Rountree: It can be by itself on paper but it needs to be lumped together with our
best investments.
Bird: I agree there, but it needs to be in a line item that we can walk to and find.
Bentley: We need to clean up several of these that are hidden reserve funds.
The question I've got is — and it's something we may want to discuss after we get
done here or in a separate meeting, that concerns the difference in the fund
balance, that seven hundred thousand the Mayor was talking about, between the
1071 and the two million we put in as to whether we want to up the budget to the
26 million and then maybe have a special meeting and sit down and discuss
where we want to go with it, whether we want to use it, whether we want to cut it
back —
Rountree: Well we were agreeable to taking out of the General Fund Reserves
up to two million dollars and with these refined numbers, however I did run these
numbers and those numbers up there do include the 3% Bob.
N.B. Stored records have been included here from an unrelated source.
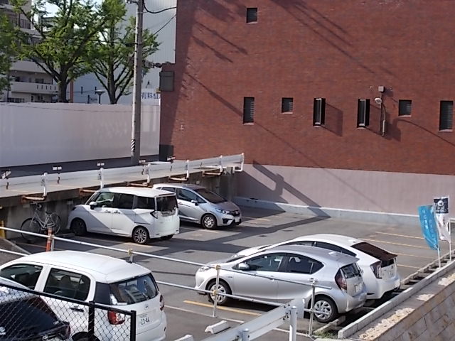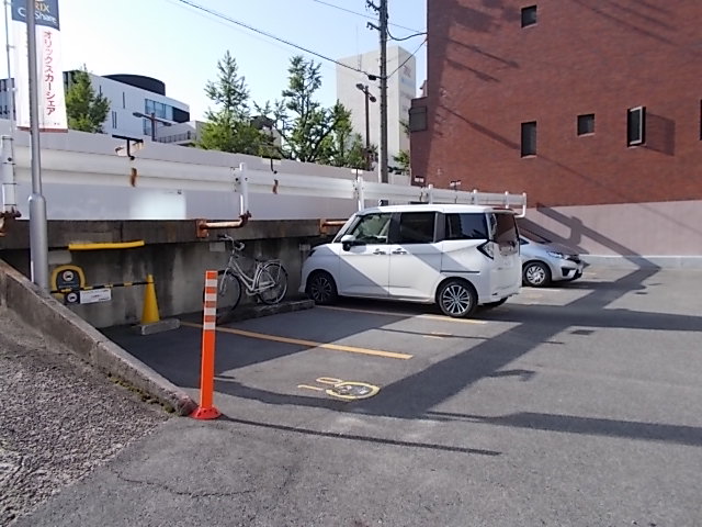 ③ スロープを下りてすぐ隣と離れたところ、川沿いにカーシェア車両があります。
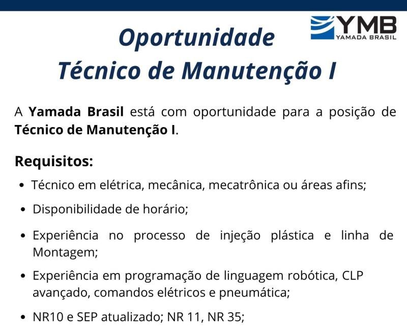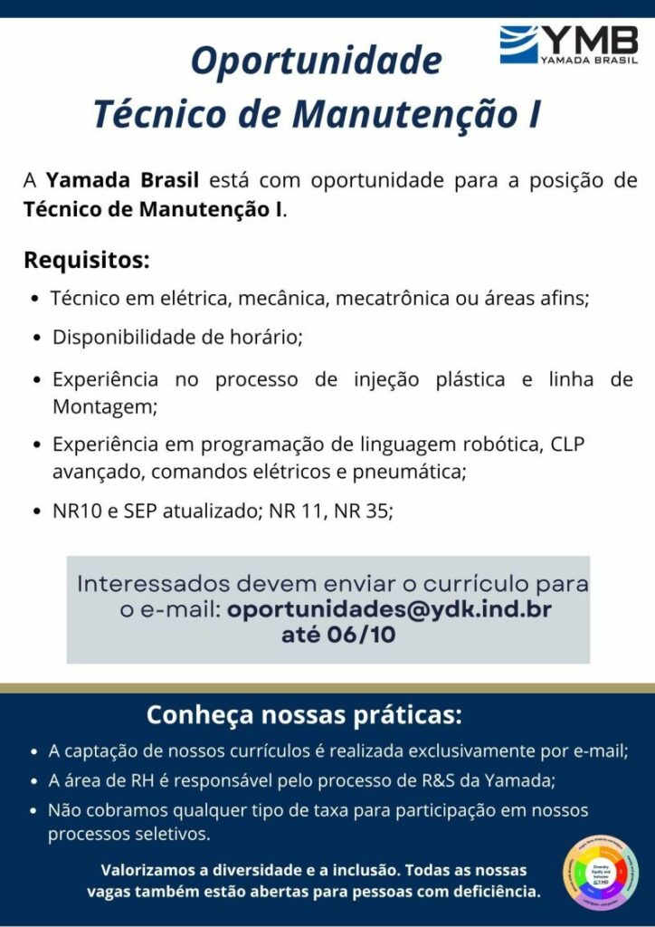 Empresa está selecionando Técnico de Manuntenção l; Envie seu currículo!
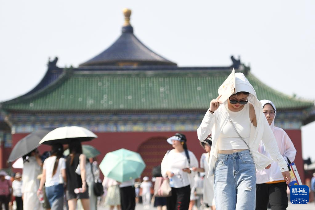 Tourists shield themselves from the sunshine with an umbrella at the Temple of Heaven in Beijing, capital of China, June 23, 2023. Beijing issued a red alert for high temperature at 7 a.m. Friday. (Xinhua/Ju Huanzong)

Corrie: Not according to this one it doesn't.
Bentley: Which one are you looking at Bob?
Corrie: Oh, sorry.
Rountree: The only one that's really changed is the Parks and then General
Administration because they pulled out P & Z.
(Inaudible discussion)
Corrie: Janice, does this line here include the 3%?
Smith: This includes the 3%.
Corrie: All this includes the 3%, 6 million 8924.
Smith: I think on this one I rounded up on the Parks.
Corrie: Oh okay, yeah you did.
Smith: I was being real generous.
Corrie: Then it still comes out if you have the 2 million rather than the 1.071000
fund balance, if you put that as a 2 then there's $927,000.00 in the budget.
You're not giving it 3%, it's already in there except for the Fire Department
shouldn't have a 3%.
Bird: They're 2,200 with just their budget.
Smith: They're by themselves.
Corrie: They're by themselves, okay, good, that's all I needed to know. Alright,
so—
Smith:
o—
Smith: These others were real close. I rounded up quite a bit on the Parks, only
because Charlie's was so high but I didn't want to go as high as he had because
of the Capital — but you can knock it down.
Rountree: I tried. Actually, I screwed up.
Corrie: Okay, so what it amounts to is if you add the two million in there then you
have a 929 balance. I didn't think that the 3% was in that.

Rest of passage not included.